Natural Gas

One of the main contributors to the economy in Syria is its energy industry. Along with crude oil fields, Syria is home to a wealth of natural gas reserves. The fields are estimated to contain 8.5 trillion cubic feet of natural gas. It is o­ne of Syria’s richest natural resources. Though natural gas is not currently a major export, the country has been making many efforts to further develop the industry as the worldwide demand for new and alternative energy sources increases. Outside investments in Syrian energy companies and industries have traditionally been scarce because of a corrupt, centrally planned economy. However, Syria’s new economic reforms are encouraging investors to consider the potential of natural gas.

Developing all aspects of this sector of the energy industry is a high priority for the Syrian government. The country is beginning within its borders by updating and expanding its current power plants and transformer stations. Not o­nly is machinery and equipment that transfers natural gas being brought up-to-date, but Syria is converting much of it to run off of natural gas instead of oil. Many power stations are also being made ready to handle natural gas rather than crude oil, as the productivity of the Syria’s oil fields drops lower every year.

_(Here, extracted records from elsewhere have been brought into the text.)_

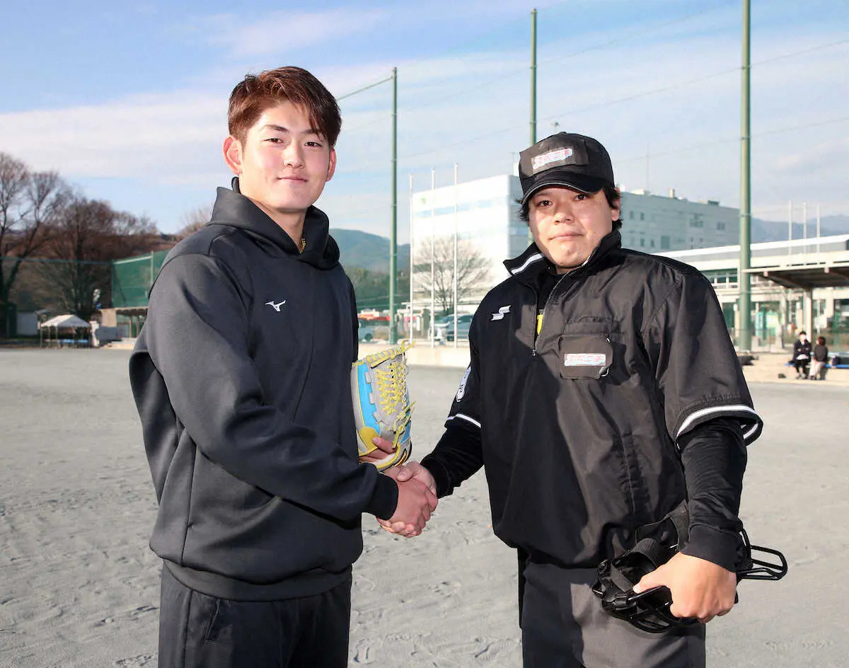 風間の父・啓介さん(53)の地元である山梨市の小原スポーツ広場。グラウンドに足を踏み入れると、準備体操をしていた右腕は「チワッ!」とあいさつ。捕手役を務めてくれた兄の球星(22)と入念にキャッチボールが進んだ。こちらもフル装備で準備万端。いざ。右手で風間を指さし、NPB審判員だった16年以来7年ぶりに「プレーボール!」の声を張り上げた。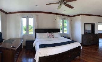 On the top floor: Master bedroom with bath and walk-in his and her closets, jacuzzi, shower and balcony overlooking the pool, 4 other spacious bedrooms and 2 other baths. All bedrooms are equipped with air conditioning and ceiling fans.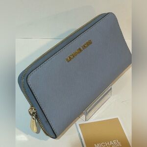 Authentic Michael Kors Blue Zip Around Wallet long wallet clutch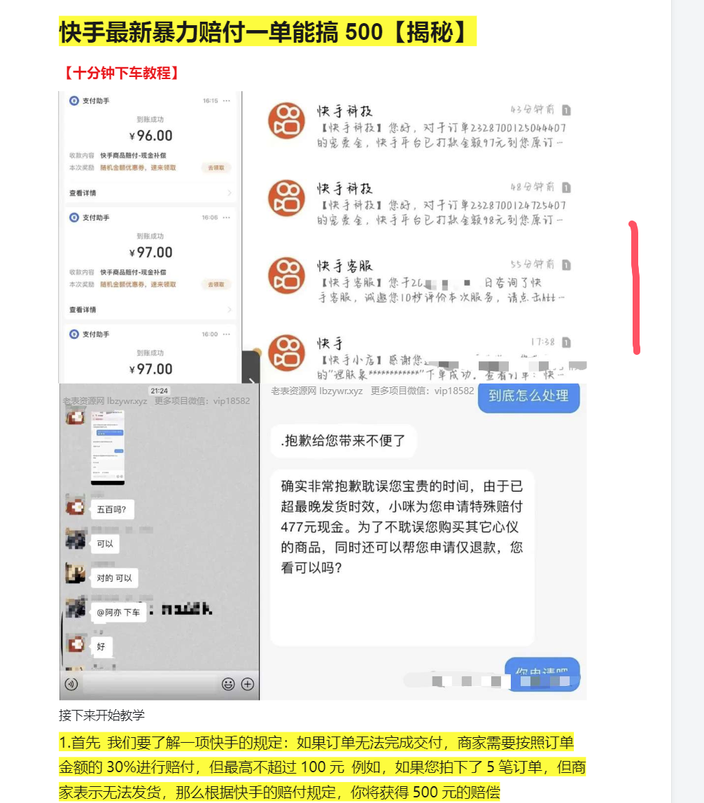 快手最新暴力赔付一单能搞500【揭秘】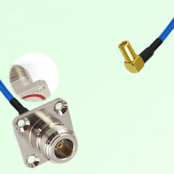 Low Loss 50Ω Semi-Flexible Cable Assembly, One Side SSMB Female Right Angle, The Other Side N Female 4 Hole Flange Mount with O-Ring 25x25mm, RG405 / .086 Optional.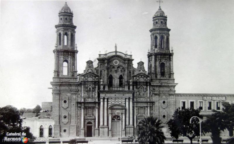 La imagen captura la grandiosidad de la Catedral de Hermosillo en una Ãpoca en la que la ciudad experimentaba cambios significativos. A travÃs de detalles arquitectÃnicos y el entorno urbano que la rodea, la fotografÃa transporta a los espectadores a una era marcada por la elegancia y la solemnidad de la arquitectura colonial.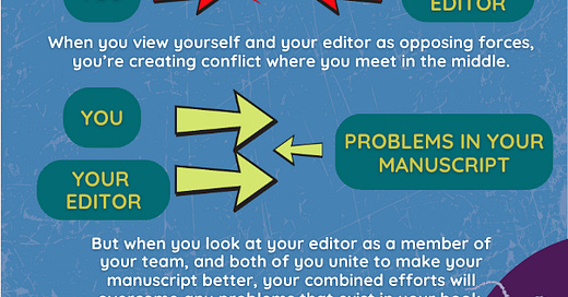 You and your editor share a common goal: you both want to make your book the best it can possibly be. There is no YOU vs. EDITOR here—there’s only YOU AND YOUR EDITOR vs. AREAS OF IMPROVEMENT IN YOUR BOOK.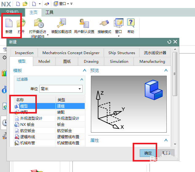 1、如下图所示,打开UG10.0软件,新建——模型——确定。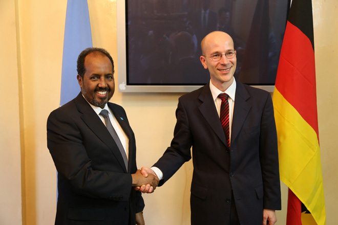 “Jarmalka iyo Soomaaliya waxaa ka dhexeeyay xiriir dheer oo wanaagsan; waxayna Soomaaliya ka faaa’iideysatay mashaariic ay dowladda Jarmalka ka hirgelisay Soomaaliya. Jarmalka wuxuu taageeraa tababbarada ciidamadda Soomaaliya. Ciidamadeenna amnigana waxay helaan tababar heer-sare ah,” ayuu yiri madaxweynaha Soomaaliya.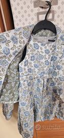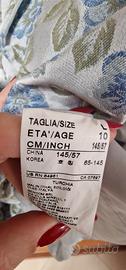 bellissimo completo per bambina, formato da vestito smanicato e giacca dai bordi arrotondati. usato solo una volta in una cerimonia in famiglia. bellissimi fiorellini blu e gonna a palloncino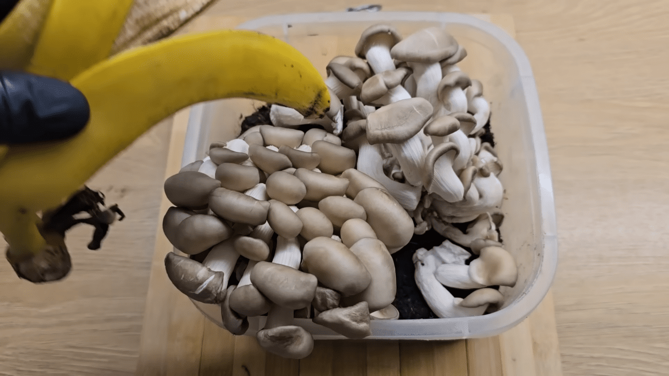 Отримані шматочки акуратно розкладіть по поверхні ґрунту. Злегка присипте їх землею буквально на кілька міліметрів. Важливо, щоб між банановою шкіркою та грибними шматочками був мінімальний шар ґрунту. Так гриби швидше отримають поживні речовини. Бананова шкірка містить багато корисних елементів, які можуть сприяти росту грибів.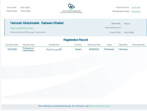 صيدلي يمني مصنف من الهيئة السعودية للتخصصات الصحية أعزب وعمري 27 عام ابحث عن عمل في أي مكان في السعودية ومستعد أن أمضي كل وقتي من اجل العمل والتطور

A major problem with developing the natural gas industry is a simple matter of location. While most of the population and developed areas of Syria are in the southwest, most gas fields have been discovered in the northeast regions. The discrepancy may be remedied, however, by outside investors who are slowly trickling into the industry. French and American companies hold interests in developing the gas fields, while Dutch and Japanese corporations have gotten involved by constructing pipelines for natural gas within the country. Syria hopes to continue this growth by creating a pipeline to Homs, a major port city, and enable the exportation of its vast natural gas supply.